▸ What you will do
With pictures excluded, give again exactly the lines running from the one holding "Tommy Hilfiger Stretch" through the end of the listing below.

▸ Data shown

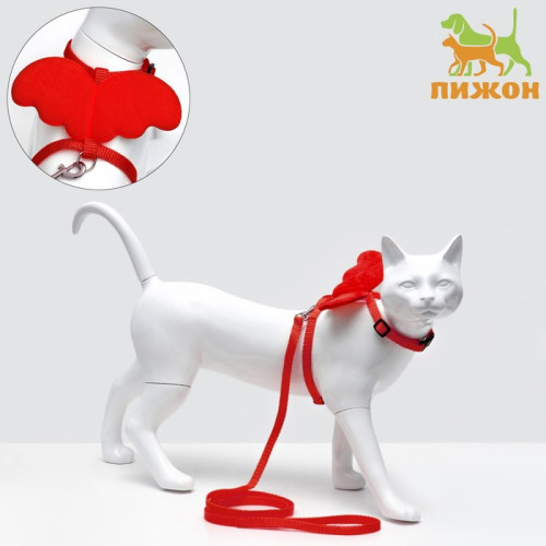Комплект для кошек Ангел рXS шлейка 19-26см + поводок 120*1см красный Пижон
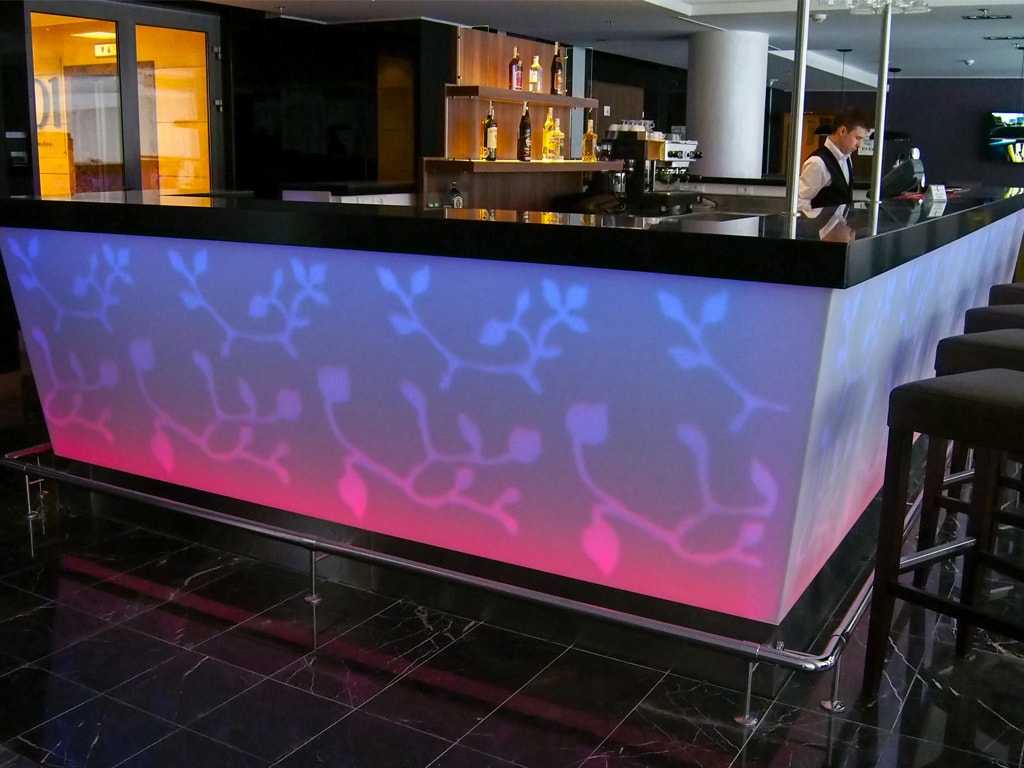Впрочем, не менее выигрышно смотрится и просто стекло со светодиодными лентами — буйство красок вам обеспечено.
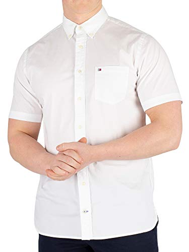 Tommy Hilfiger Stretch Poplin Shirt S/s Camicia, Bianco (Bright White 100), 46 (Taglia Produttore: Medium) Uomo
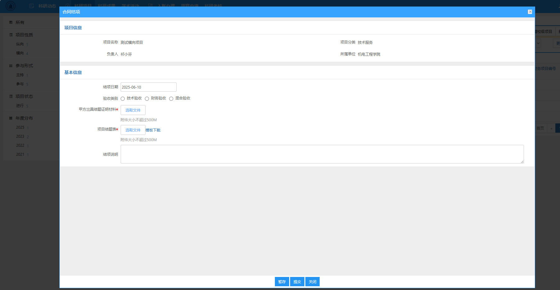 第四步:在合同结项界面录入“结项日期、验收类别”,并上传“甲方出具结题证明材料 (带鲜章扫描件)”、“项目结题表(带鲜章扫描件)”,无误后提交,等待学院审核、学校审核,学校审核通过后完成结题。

▸ Answer space
 Tommy Hilfiger Stretch Poplin Shirt S/s Camicia, Bianco (Bright White 100), 46 (Taglia Produttore: Medium) Uomo
 第四步:在合同结项界面录入“结项日期、验收类别”,并上传“甲方出具结题证明材料 (带鲜章扫描件)”、“项目结题表(带鲜章扫描件)”,无误后提交,等待学院审核、学校审核,学校审核通过后完成结题。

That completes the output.